--- Extracted material Enclosed Below ---

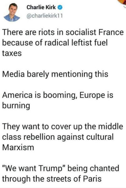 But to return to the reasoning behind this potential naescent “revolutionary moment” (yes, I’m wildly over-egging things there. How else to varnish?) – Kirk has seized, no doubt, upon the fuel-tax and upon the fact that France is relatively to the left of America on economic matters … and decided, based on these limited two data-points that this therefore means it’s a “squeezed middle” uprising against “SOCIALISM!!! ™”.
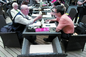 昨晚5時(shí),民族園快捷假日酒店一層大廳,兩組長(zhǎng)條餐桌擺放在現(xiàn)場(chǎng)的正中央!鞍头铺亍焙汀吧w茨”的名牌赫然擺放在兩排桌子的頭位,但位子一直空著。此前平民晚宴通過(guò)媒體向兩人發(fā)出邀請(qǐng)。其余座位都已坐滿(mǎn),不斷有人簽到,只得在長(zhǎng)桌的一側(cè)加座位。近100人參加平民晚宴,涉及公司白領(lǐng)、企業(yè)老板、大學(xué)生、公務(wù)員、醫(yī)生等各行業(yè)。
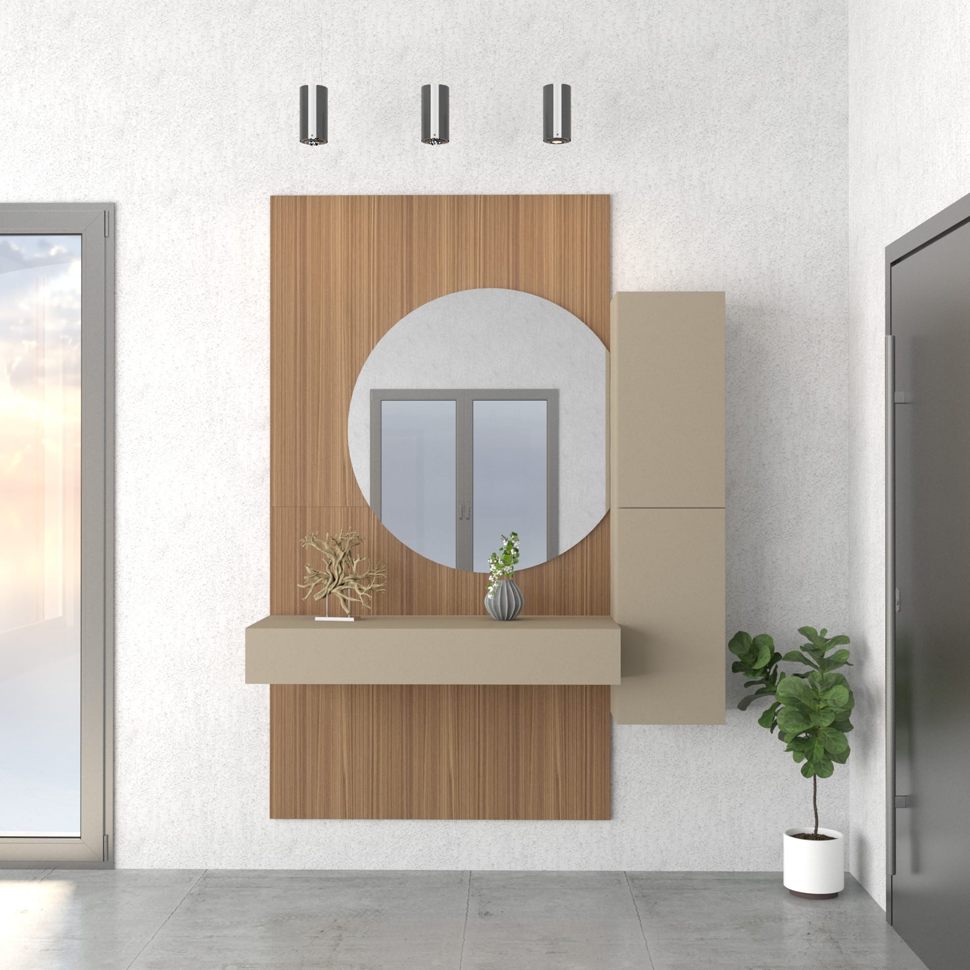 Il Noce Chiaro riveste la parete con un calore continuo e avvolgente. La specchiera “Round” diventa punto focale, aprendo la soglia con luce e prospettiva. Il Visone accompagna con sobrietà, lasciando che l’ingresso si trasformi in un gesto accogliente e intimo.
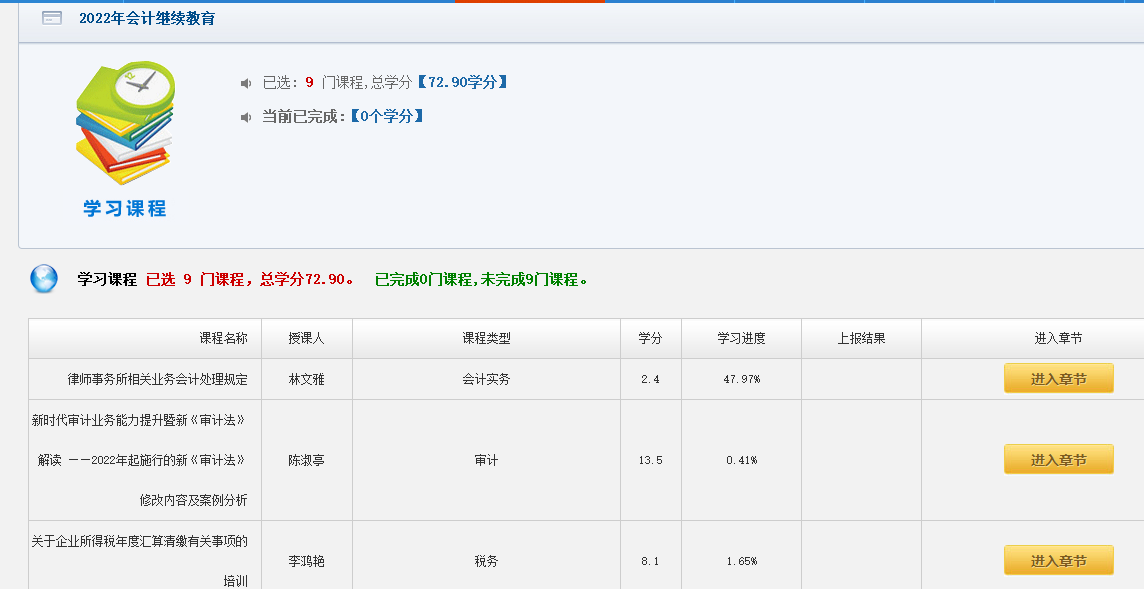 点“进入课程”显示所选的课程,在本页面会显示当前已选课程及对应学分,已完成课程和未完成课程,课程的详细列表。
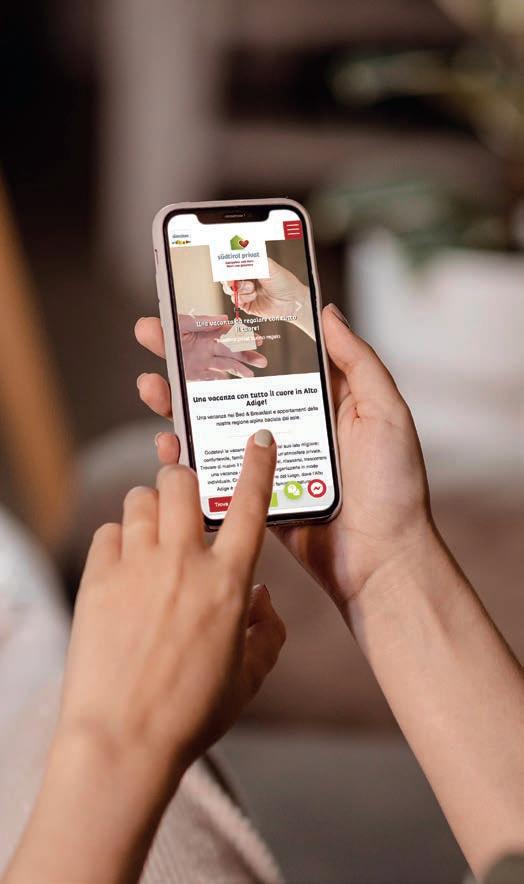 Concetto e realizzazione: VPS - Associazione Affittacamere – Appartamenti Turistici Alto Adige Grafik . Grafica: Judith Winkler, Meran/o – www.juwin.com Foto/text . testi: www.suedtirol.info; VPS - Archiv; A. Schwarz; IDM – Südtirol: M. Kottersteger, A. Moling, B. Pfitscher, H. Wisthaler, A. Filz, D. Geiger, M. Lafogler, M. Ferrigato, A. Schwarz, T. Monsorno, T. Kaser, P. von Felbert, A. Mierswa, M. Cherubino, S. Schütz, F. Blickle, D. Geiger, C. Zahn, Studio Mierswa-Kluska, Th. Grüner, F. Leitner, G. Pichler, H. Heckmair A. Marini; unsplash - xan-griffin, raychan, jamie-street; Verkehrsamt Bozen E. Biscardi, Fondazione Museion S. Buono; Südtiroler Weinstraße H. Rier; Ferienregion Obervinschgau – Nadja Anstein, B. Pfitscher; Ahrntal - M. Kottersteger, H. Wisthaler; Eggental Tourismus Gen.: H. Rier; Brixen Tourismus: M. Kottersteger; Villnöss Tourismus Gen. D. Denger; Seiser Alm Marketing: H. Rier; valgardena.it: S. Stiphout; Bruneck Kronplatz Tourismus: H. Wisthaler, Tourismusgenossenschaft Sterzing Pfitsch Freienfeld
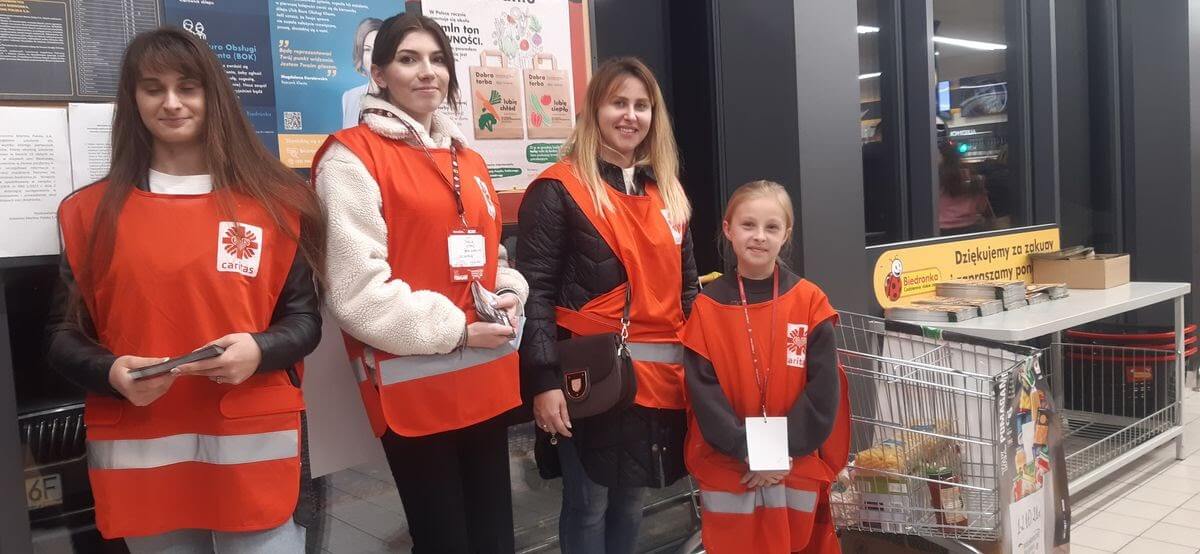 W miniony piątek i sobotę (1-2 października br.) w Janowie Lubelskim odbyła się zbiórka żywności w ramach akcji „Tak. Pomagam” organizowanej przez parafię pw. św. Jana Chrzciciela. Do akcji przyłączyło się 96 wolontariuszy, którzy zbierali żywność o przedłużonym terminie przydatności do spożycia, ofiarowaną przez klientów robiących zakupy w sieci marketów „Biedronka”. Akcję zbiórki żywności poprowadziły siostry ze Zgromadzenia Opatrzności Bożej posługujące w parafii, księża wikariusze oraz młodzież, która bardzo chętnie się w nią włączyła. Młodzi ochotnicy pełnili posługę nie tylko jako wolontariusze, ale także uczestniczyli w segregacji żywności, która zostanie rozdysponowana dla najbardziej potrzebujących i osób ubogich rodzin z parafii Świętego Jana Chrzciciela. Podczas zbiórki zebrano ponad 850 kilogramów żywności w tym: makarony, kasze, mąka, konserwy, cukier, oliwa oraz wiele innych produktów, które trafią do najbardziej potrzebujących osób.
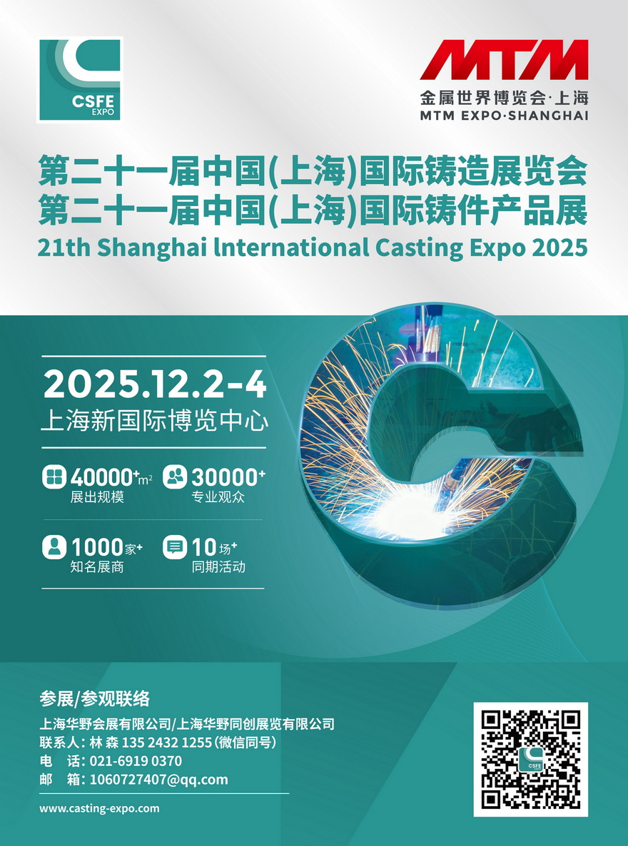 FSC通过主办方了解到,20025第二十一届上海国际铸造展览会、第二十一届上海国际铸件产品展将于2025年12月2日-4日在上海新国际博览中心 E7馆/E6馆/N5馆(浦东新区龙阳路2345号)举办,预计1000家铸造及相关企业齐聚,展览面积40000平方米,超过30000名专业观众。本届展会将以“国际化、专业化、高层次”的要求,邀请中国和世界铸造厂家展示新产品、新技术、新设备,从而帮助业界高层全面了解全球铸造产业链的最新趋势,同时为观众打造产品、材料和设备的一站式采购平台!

--- End of Enclosed Extracted material ---

Instructions to follow
Output each record above exactly; omit the images.

Exercise output
 But to return to the reasoning behind this potential naescent “revolutionary moment” (yes, I’m wildly over-egging things there. How else to varnish?) – Kirk has seized, no doubt, upon the fuel-tax and upon the fact that France is relatively to the left of America on economic matters … and decided, based on these limited two data-points that this therefore means it’s a “squeezed middle” uprising against “SOCIALISM!!! ™”.
 昨晚5時(shí),民族園快捷假日酒店一層大廳,兩組長(zhǎng)條餐桌擺放在現(xiàn)場(chǎng)的正中央!鞍头铺亍焙汀吧w茨”的名牌赫然擺放在兩排桌子的頭位,但位子一直空著。此前平民晚宴通過(guò)媒體向兩人發(fā)出邀請(qǐng)。其余座位都已坐滿(mǎn),不斷有人簽到,只得在長(zhǎng)桌的一側(cè)加座位。近100人參加平民晚宴,涉及公司白領(lǐng)、企業(yè)老板、大學(xué)生、公務(wù)員、醫(yī)生等各行業(yè)。
 Il Noce Chiaro riveste la parete con un calore continuo e avvolgente. La specchiera “Round” diventa punto focale, aprendo la soglia con luce e prospettiva. Il Visone accompagna con sobrietà, lasciando che l’ingresso si trasformi in un gesto accogliente e intimo.
 点“进入课程”显示所选的课程,在本页面会显示当前已选课程及对应学分,已完成课程和未完成课程,课程的详细列表。
 Concetto e realizzazione: VPS - Associazione Affittacamere – Appartamenti Turistici Alto Adige Grafik . Grafica: Judith Winkler, Meran/o – www.juwin.com Foto/text . testi: www.suedtirol.info; VPS - Archiv; A. Schwarz; IDM – Südtirol: M. Kottersteger, A. Moling, B. Pfitscher, H. Wisthaler, A. Filz, D. Geiger, M. Lafogler, M. Ferrigato, A. Schwarz, T. Monsorno, T. Kaser, P. von Felbert, A. Mierswa, M. Cherubino, S. Schütz, F. Blickle, D. Geiger, C. Zahn, Studio Mierswa-Kluska, Th. Grüner, F. Leitner, G. Pichler, H. Heckmair A. Marini; unsplash - xan-griffin, raychan, jamie-street; Verkehrsamt Bozen E. Biscardi, Fondazione Museion S. Buono; Südtiroler Weinstraße H. Rier; Ferienregion Obervinschgau – Nadja Anstein, B. Pfitscher; Ahrntal - M. Kottersteger, H. Wisthaler; Eggental Tourismus Gen.: H. Rier; Brixen Tourismus: M. Kottersteger; Villnöss Tourismus Gen. D. Denger; Seiser Alm Marketing: H. Rier; valgardena.it: S. Stiphout; Bruneck Kronplatz Tourismus: H. Wisthaler, Tourismusgenossenschaft Sterzing Pfitsch Freienfeld
 W miniony piątek i sobotę (1-2 października br.) w Janowie Lubelskim odbyła się zbiórka żywności w ramach akcji „Tak. Pomagam” organizowanej przez parafię pw. św. Jana Chrzciciela. Do akcji przyłączyło się 96 wolontariuszy, którzy zbierali żywność o przedłużonym terminie przydatności do spożycia, ofiarowaną przez klientów robiących zakupy w sieci marketów „Biedronka”. Akcję zbiórki żywności poprowadziły siostry ze Zgromadzenia Opatrzności Bożej posługujące w parafii, księża wikariusze oraz młodzież, która bardzo chętnie się w nią włączyła. Młodzi ochotnicy pełnili posługę nie tylko jako wolontariusze, ale także uczestniczyli w segregacji żywności, która zostanie rozdysponowana dla najbardziej potrzebujących i osób ubogich rodzin z parafii Świętego Jana Chrzciciela. Podczas zbiórki zebrano ponad 850 kilogramów żywności w tym: makarony, kasze, mąka, konserwy, cukier, oliwa oraz wiele innych produktów, które trafią do najbardziej potrzebujących osób.
 FSC通过主办方了解到,20025第二十一届上海国际铸造展览会、第二十一届上海国际铸件产品展将于2025年12月2日-4日在上海新国际博览中心 E7馆/E6馆/N5馆(浦东新区龙阳路2345号)举办,预计1000家铸造及相关企业齐聚,展览面积40000平方米,超过30000名专业观众。本届展会将以“国际化、专业化、高层次”的要求,邀请中国和世界铸造厂家展示新产品、新技术、新设备,从而帮助业界高层全面了解全球铸造产业链的最新趋势,同时为观众打造产品、材料和设备的一站式采购平台!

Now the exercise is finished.